False_Grit
False_Grit t1_j5gj816 wrote
Reply to comment by Substantial-Orange96 in Google to relax AI safety rules to compete with OpenAI by Surur
WTF is everyone talking about?? Safety standards?? You mean, not letting the A.I. say "mean" or "scary" or "naughty" things? You realize this is all bullshit safety theater right? You know you could literally just search google and find all those things written by humans already?
Blue Steel? Ferrari? Le Tigra? They're the same face! Doesn't anybody notice this? I feel like I'm taking crazy pills! I feel like I'm taking crazy pills!
Not triggering people and not offending anyone doesn't make for a safer world. In studies with rats, if you pick up the baby rats with a soda bottle (the "humane" way that doesn't cause them any trauma) when moving them from cage to cage, they end up with a myriad of psychological and social problems in adulthood.

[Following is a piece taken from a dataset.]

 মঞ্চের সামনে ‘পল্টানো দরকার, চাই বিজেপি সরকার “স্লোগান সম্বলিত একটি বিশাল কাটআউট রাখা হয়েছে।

The rats need to experience some adversity in childhood or they don't develop normally. So do people. A too easy life is just as dangerous as a too difficult one. Let the A.I. say whatever the hell it wants. Have it give you a warning if you're going into objectionable territory, just like google safesearch. Censorship doesn't breed anything resembling actual safety.
Rant over.
False_Grit t1_j5ragkr wrote
Reply to comment by orincoro in Google to relax AI safety rules to compete with OpenAI by Surur
Hmm. Good point. Thank you for the response.

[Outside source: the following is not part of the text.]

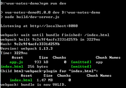 vue init webpack vue-notes-demo cd vue-notes-demo npm install // 安裝依賴包 npm run dev // 啟動服務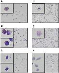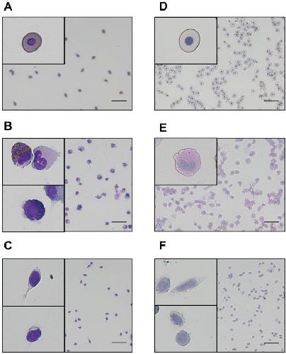 Figure 3. Morphology of LP2, LP3, and LP4 cells. Erythrocytes and leukocytes/thrombocytes separated from whole blood cells using the Percoll method were analysed and sorted. May-Grunwald Giemsa (MGG) and periodic acid-Schiff (PAS) staining were performed on the LP2, LP3, and LP4 fractions. (AâC) MGG staining. (A) LP2, (B) LP3, and (C) LP4. LP2 cells were mononuclear with a large cytoplasm. LP2 cells had eosinophilic cytoplasm. LP3 had segmented nuclei and a large cytoplasm. Cells with a basophilic cytoplasm were found in the LP3 fraction. LP4 cells were mononuclear with a small cytoplasm. (DâF) PAS staining. (D) LP2, (E) LP3, and (F) LP4. The LP2 and LP4 cells were negative for PAS staining, and LP3 cells were positive for PAS staining. Scale bars: 20âµm. LP2: erythrocyte; LP3: granulocyte; LP4: lymphocyte and thrombocyte (inset). |

I still feel the answer is to increase the reliability and power of these bots to spread positive information, rather than just nerfing them so they can't spread any misinformation.
I always go back to human analogues. Marjorie Taylor Green has an uncanny ability to spread misinformation, spam, harassment, and to actually vote on real-world, important issues. Vladimir Putin is able to do the same thing. He actively works to spread disinformation and doubt. There is a very real threat that without assistance, humans will misinformation themselves into world-ending choices.
I understand that A.I. will be a tool to amplify voices, but I feel all the "safeguards" put in place so far are far more about censorship and the appearance of safety rather than actual safety. They seem to make everything G-rated, but you can happily talk about how great it is that Russia is invading a sovereign nation, as long as you don't talk about the "nasty" actual violence that is going on.
Conversely, if you try to expose the real-world horrors of war, and the people that are actually dying in real life in Ukraine, the civilians being killed, destroying the electricity infrastructure in towns right before winter, killing people through freezing, it will flag you for being "violent." This is the opposite of a safeguard. It gets people killed through censorship.
Of course, I have no idea what the actual article is talking about since it is behind a paywall.